However, most studies were carried out with Asian rice genotypes. Limited information has been obtained to date for the European rice germplasm, where Italy is the main producer, with about 250,000 ha (www.enterisi.it, accessed on 24 March 2025) and hundreds of cultivated varieties [42]. A differential susceptibility to excess salt was previously found among a set of 17 Italian rice cultivars during early growth under moderate stress conditions [43]. The characterization of a subset of representative genotypes showed that the differential tolerance is not due to a different ion homeostasis in leaves [44]. The measurement of salt-induced proline levels in shoots led to the conclusion that the ability to withstand salt stress conditions is at least in part due to an increase in proline metabolic rates, and not to the resulting intracellular proline levels [43]. To go one step further, the activation of selected antioxidant defenses was investigated. In more detail, the aims of this study were: ➀ to verify whether oxidative damages are detectable in rice seedlings directly sown in the presence of sublethal salt levels; ➁ to ascertain whether higher levels of antioxidant enzymes are present in roots and/or shoots of salt-acclimated seedlings; ➂ to investigate whether different levels of antioxidant enzymes contribute to the differential sensitivity to salts previously found among these rice varieties. The results herein described suggest that increased homeostatic levels of antioxidant enzymes are required to allow growth under partially inhibitory conditions.

2. Materials and Methods

The experiments were carried out in 2023–2024; the immunological analyses were performed first in 2014, and then repeated in 2024.

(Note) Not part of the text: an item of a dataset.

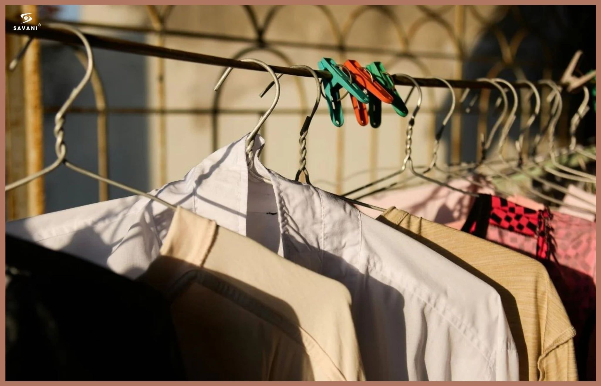Khi phơi áo linen, bạn nên treo trên móc có độ cong tự nhiên, vuốt phẳng phần cổ áo, vai và thân áo để hạn chế nếp nhăn hình thành trong quá trình khô.
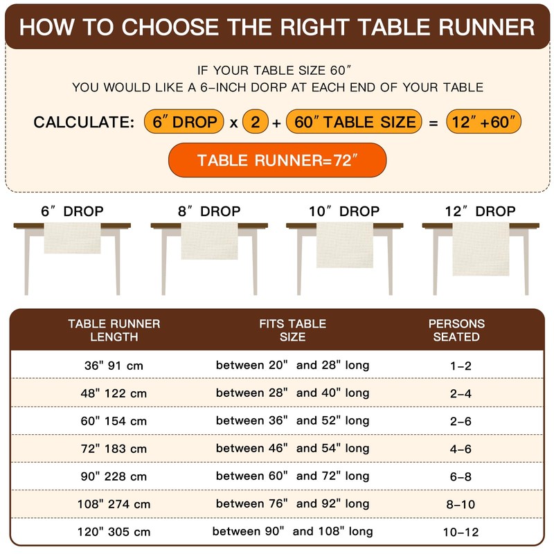 - 【Size Guide】- This 13"x90" fall table runner fits tables that seat 6-8 people. Explore our sizing guide visuals to find the perfect fit for your dining table

2.1. Plant Material and Growth Conditions

Rice (Oryza sativa L.) seeds of five Italian genotypes (Loto [long A grain type], Volano [long A grain type], Baldo [long A grain type], Carnaroli [long A grain type] and Vialone nano [medium grain type]), previously shown to differ in their susceptibility to salt stress [43,44], were provided by the Unità di ricerca per la risicoltura of the Consiglio per la Ricerca in Agricoltura e l’Analisi della Economia Agraria (CREA; Vercelli, Italy). Seeds were surface-sterilized by treatment with absolute ethanol for 5 min under vacuum, followed by 10 min in a 3% NaClO solution containing 0.04% (v/v) Triton X100. Seeds were then washed at least 5 times with sterile distilled water to completely remove NaClO, and allowed to imbibe in the dark for 4–5 h. Seeds were then transferred to Magenta vessels (6⇨ × 6⇗ × 20⇧ cm) containing 75 mL of agarized (6‰) water; 16 seeds were sown for each vessel, which were covered with 75 mL of 2× nutrient solution (Supplementary Table S1 [44]), pH 5.8, containing 2 mL L−1 Plant Preservative Mixture (Plant Cell Technology, Washington, DC, USA). Vessels were placed in an incubator equipped with E27 ES 1700 lumen daylight lamps (GE Lighting, Cleveland, OH, USA) under a photoperiod of 14 h light (about 150 µmol m−2 s−1) and 10 h dark at 26 ± 1 °C (day) and 22 ± 1 °C (night).

Salt Treatments

To evaluate the antioxidant response in salt-adapted plants, seedlings of the five rice varieties were grown under conditions that in previous studies had been found inhibitory for growth, but not lethal [43,44]. Increasing conductivity values were obtained by adding to the nutrient solution a salt mixture (NaCl, CaCl2, MgSO4 and Na2SO4 in a 10:1:2:1 molar ratio) so as to obtain the same ionic composition that has been reported in rice-growing areas affected by excess salt [4]. The actual conductivity values were measured with a conductivity meter (Hanna HI 8733, Leighton Buzzard, UK) 24 h after sowing and 2 weeks thereafter, at the end of incubation. A randomized complete block design with four replicates was used, each block consisting of Magenta vessels (each one containing 16 seedlings) of various salt rates (from 4.68 to 15.64 dS/m) and untreated controls (0.72 dS/m). Destructive harvest was performed when untreated controls reached the three-leaf stage, 14 to 16 days after sowing. Seedlings were weighed individually to the nearest 0.1 mg for the determination of the fresh weight (FW). Chlorophyll content was measured just before harvesting on 20 seedlings (5 seedlings for each of the four Magenta vessels that had been carried out for each treatment) using a SPAD-502 meter (Minolta, Ramsay, NJ, USA) by reading at ⅓, ½ and ⅔ of the distance from the base of the second, fully developed leaf, as described [45]. For the determination of dry weight (DW), the material obtained from a single Magenta vessel was combined and treated in an oven at 90 °C for 48 h. In all cases, mean values ± SE are reported.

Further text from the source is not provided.